*Task prompt*. Copy down the listing below exactly. Do not include pictures.

________________________________________

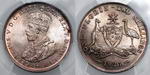 | Description: Florin. 1931. PCGS graded MS 65 (25174221). Light tone with soft mint bloom. Ex The Borg Collection. Only 5 graded higher. GEM UNC |
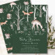 Doce design de bebê rústico apresentando uma cena florestal com cervo, porco-espinho, raposa, pássaro e coruja em um fundo verde-florestal. Visite o nosso compro para ver toda a nossa coleção de designs de animais florestais.
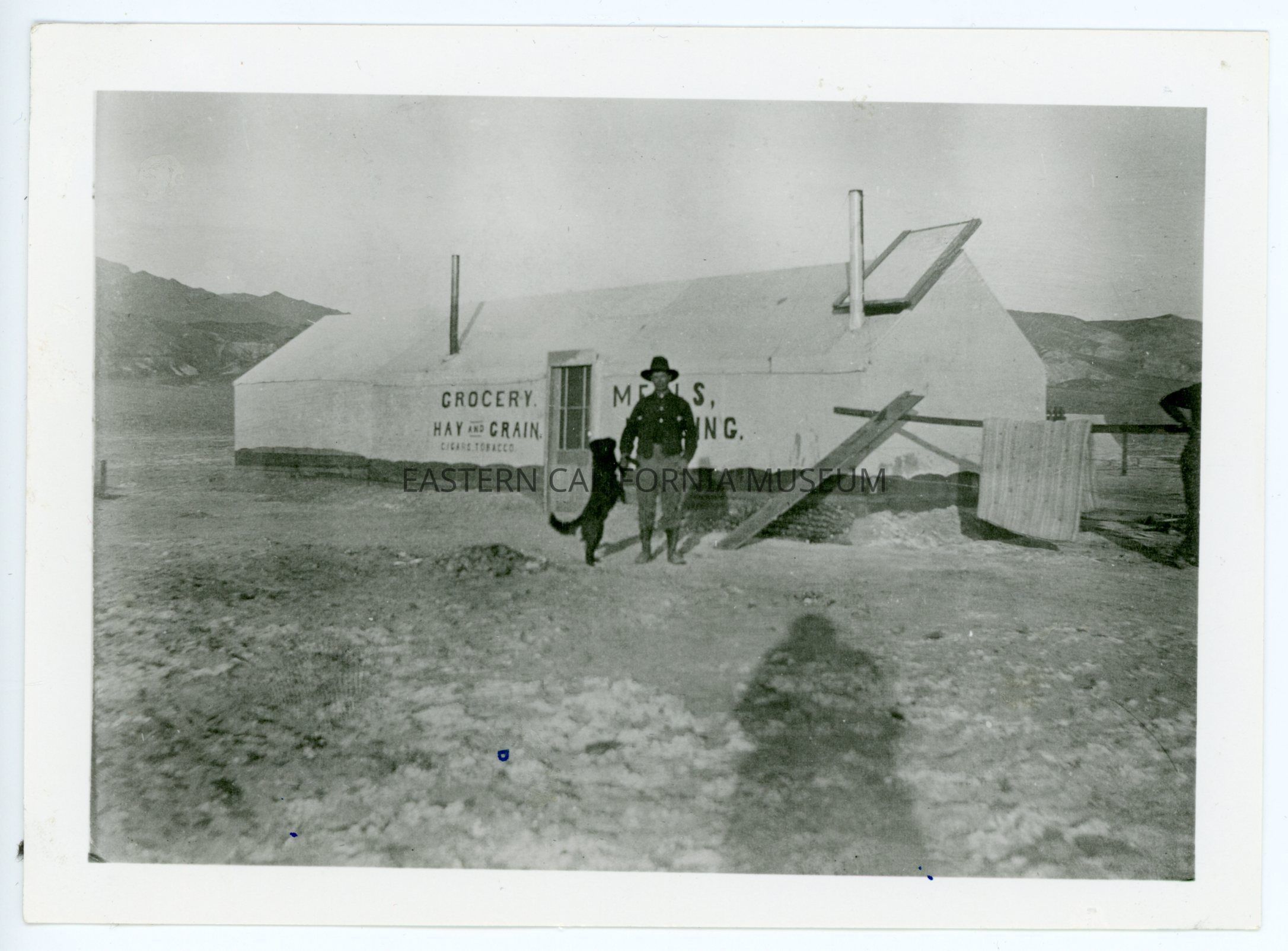 A617.24--George Cook at Stovepipe Springs on the east side of Death Valley. Cook walked from Skidoo to Beatty, 65 miles and was on way back to Skidoo when this picture was taken in January 1907. (Cook house. Notice vent over range next to the stove pipe. Meals were served here.)Collection
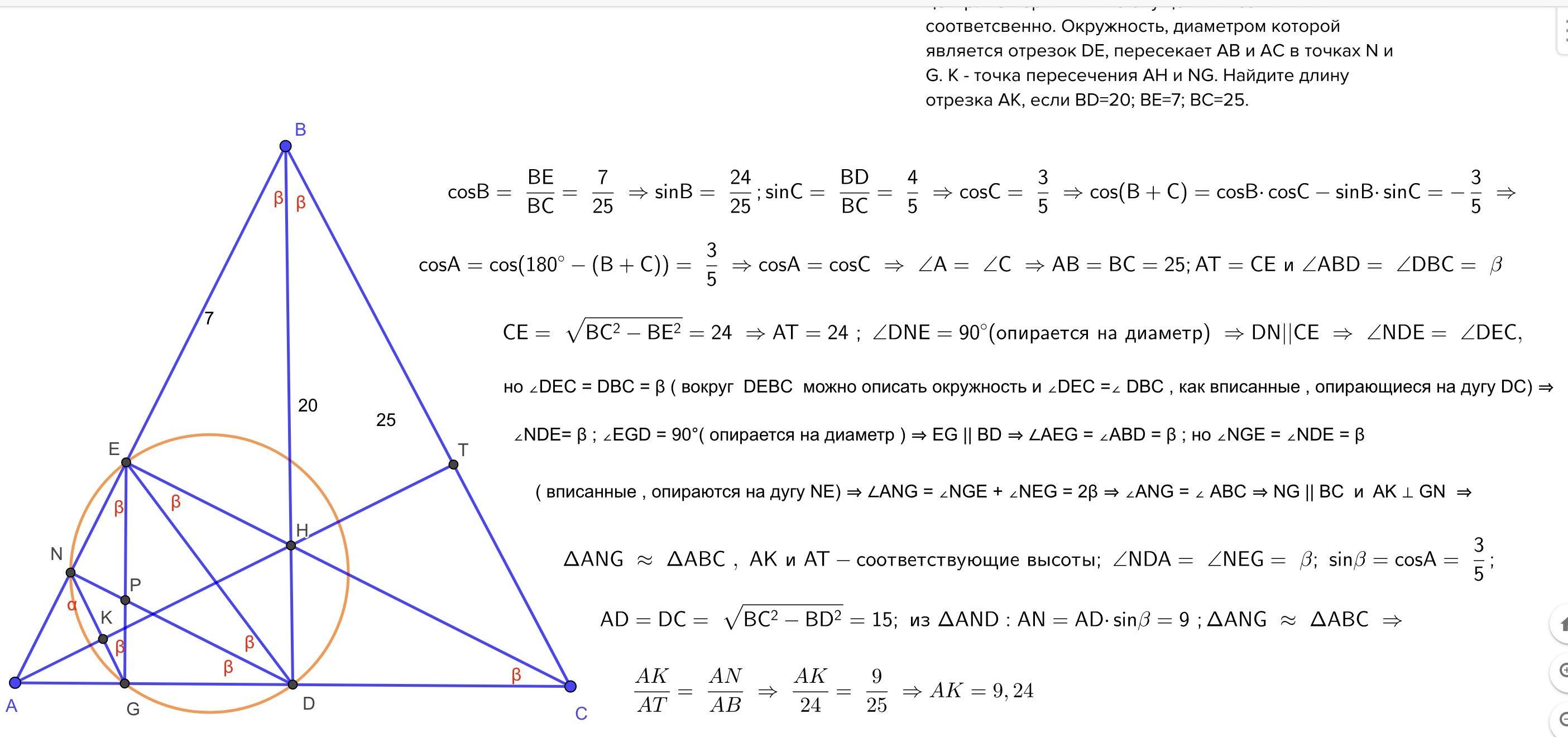 Дан остроугольный треугольник ABC, где H - орто центр. Из вершин B и C опущены высоты D и E соответсвенно. Окружность, диаметром которой является отрезок DE, пересекает AB и AC в точках N и G. K - точка пересечения AH и NG. Найдите длину отрезка AK, если BD=20; BE=7; BC=25.
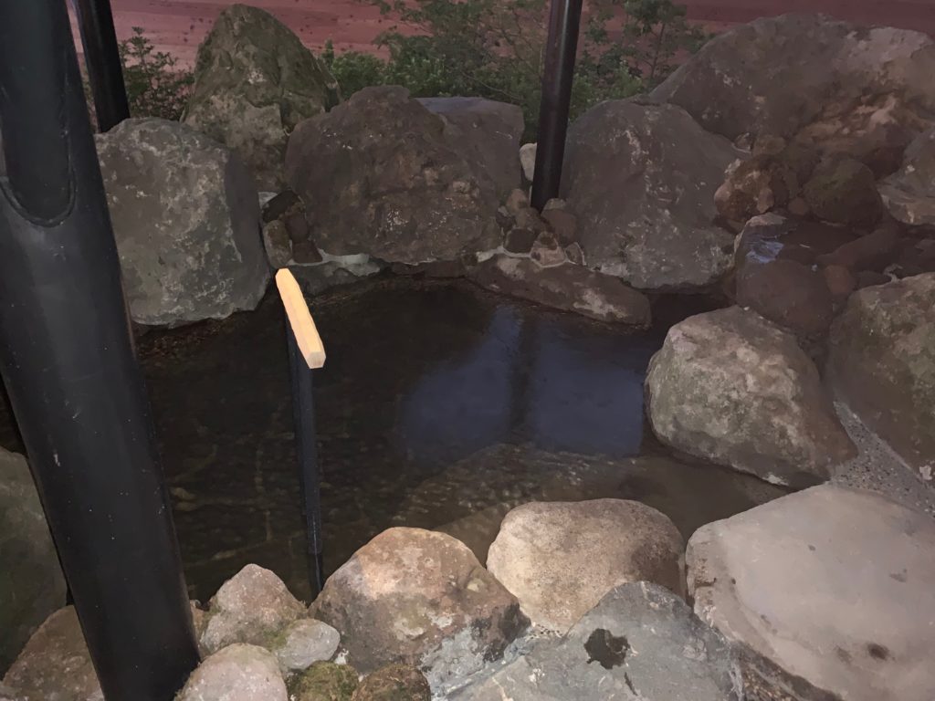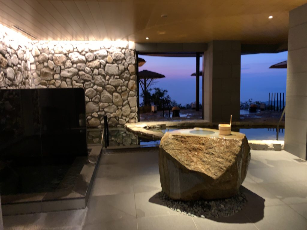この日は岩風呂のような雰囲気の方でした。前日は木の雰囲気のお風呂でした
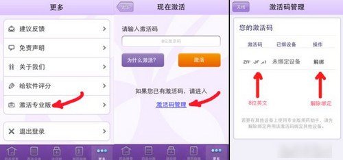 用您的丁香園ID進(jìn)入軟件,打開更多/激活專業(yè)版,在頁面中點擊激活碼管理,可在線查看您當(dāng)前賬號關(guān)聯(lián)的激活碼。
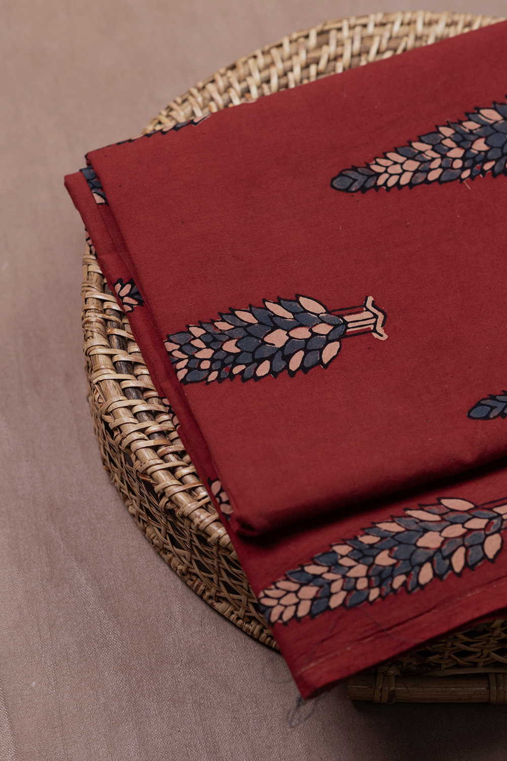 Big Leaf Butta - Maroon Ajrak Cotton Fabric
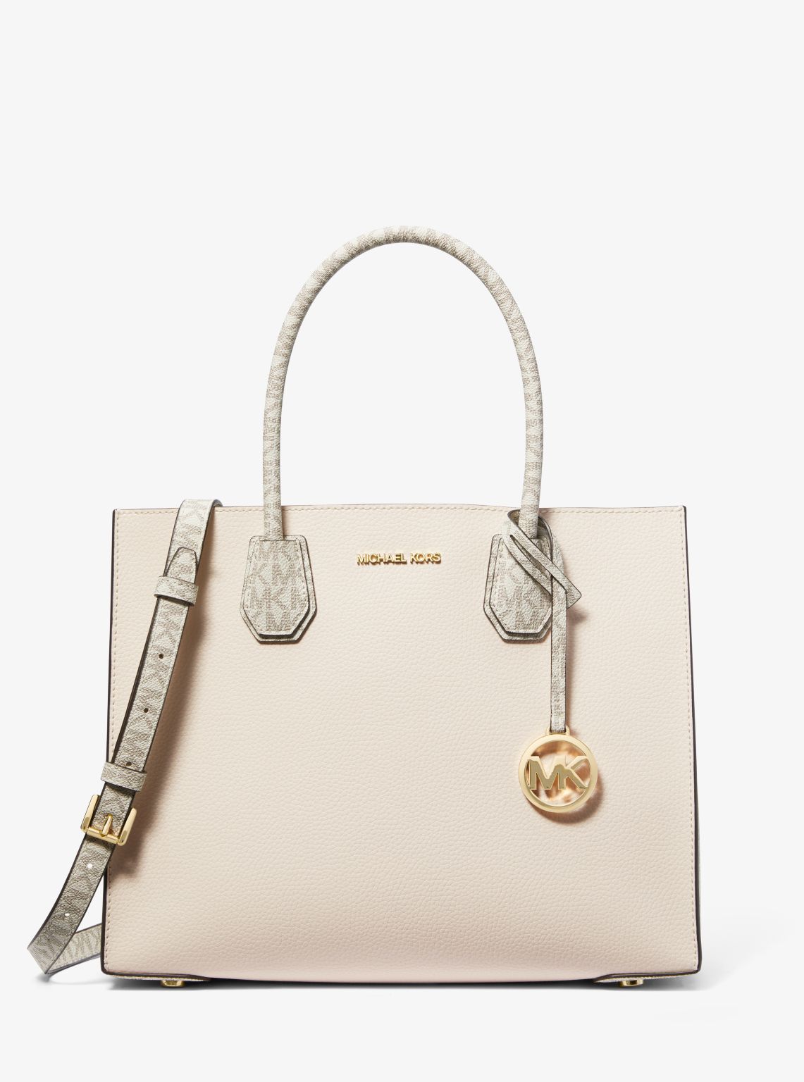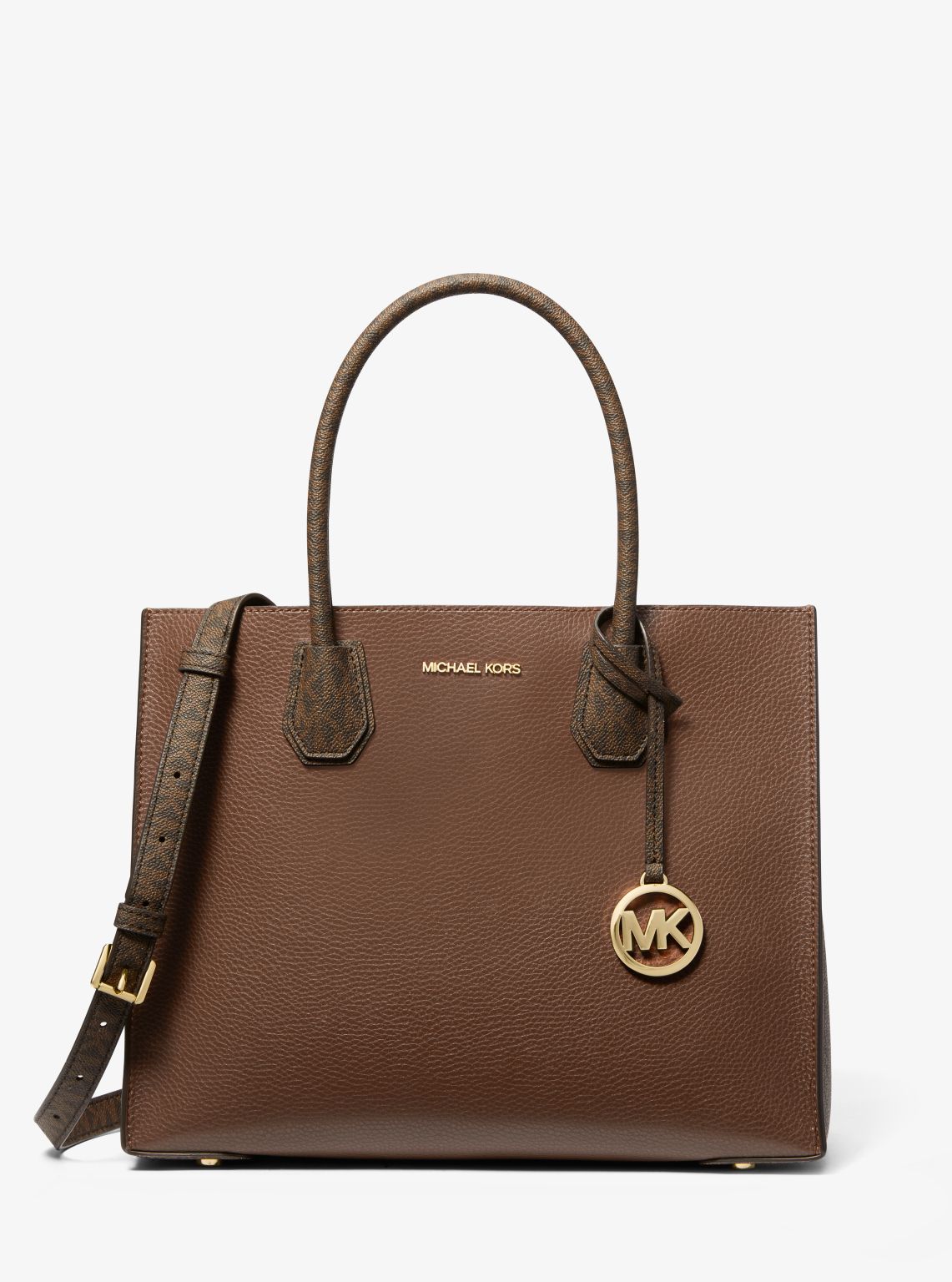 Crafted from Signature-print canvas with leather trim, our iconic Mercer tote bag has been updated with accordion side gussets. The streamlined design features structured top handles and a removable crossbody strap for added versatility, while a median zippered compartment promises safekeeping for smaller items.

________________________________________

*Response below*.
 | Description: Florin. 1931. PCGS graded MS 65 (25174221). Light tone with soft mint bloom. Ex The Borg Collection. Only 5 graded higher. GEM UNC |
 Doce design de bebê rústico apresentando uma cena florestal com cervo, porco-espinho, raposa, pássaro e coruja em um fundo verde-florestal. Visite o nosso compro para ver toda a nossa coleção de designs de animais florestais.
 A617.24--George Cook at Stovepipe Springs on the east side of Death Valley. Cook walked from Skidoo to Beatty, 65 miles and was on way back to Skidoo when this picture was taken in January 1907. (Cook house. Notice vent over range next to the stove pipe. Meals were served here.)Collection
 Дан остроугольный треугольник ABC, где H - орто центр. Из вершин B и C опущены высоты D и E соответсвенно. Окружность, диаметром которой является отрезок DE, пересекает AB и AC в точках N и G. K - точка пересечения AH и NG. Найдите длину отрезка AK, если BD=20; BE=7; BC=25.
この日は岩風呂のような雰囲気の方でした。前日は木の雰囲気のお風呂でした
 用您的丁香園ID進(jìn)入軟件,打開更多/激活專業(yè)版,在頁面中點擊激活碼管理,可在線查看您當(dāng)前賬號關(guān)聯(lián)的激活碼。
 Big Leaf Butta - Maroon Ajrak Cotton Fabric
 Crafted from Signature-print canvas with leather trim, our iconic Mercer tote bag has been updated with accordion side gussets. The streamlined design features structured top handles and a removable crossbody strap for added versatility, while a median zippered compartment promises safekeeping for smaller items.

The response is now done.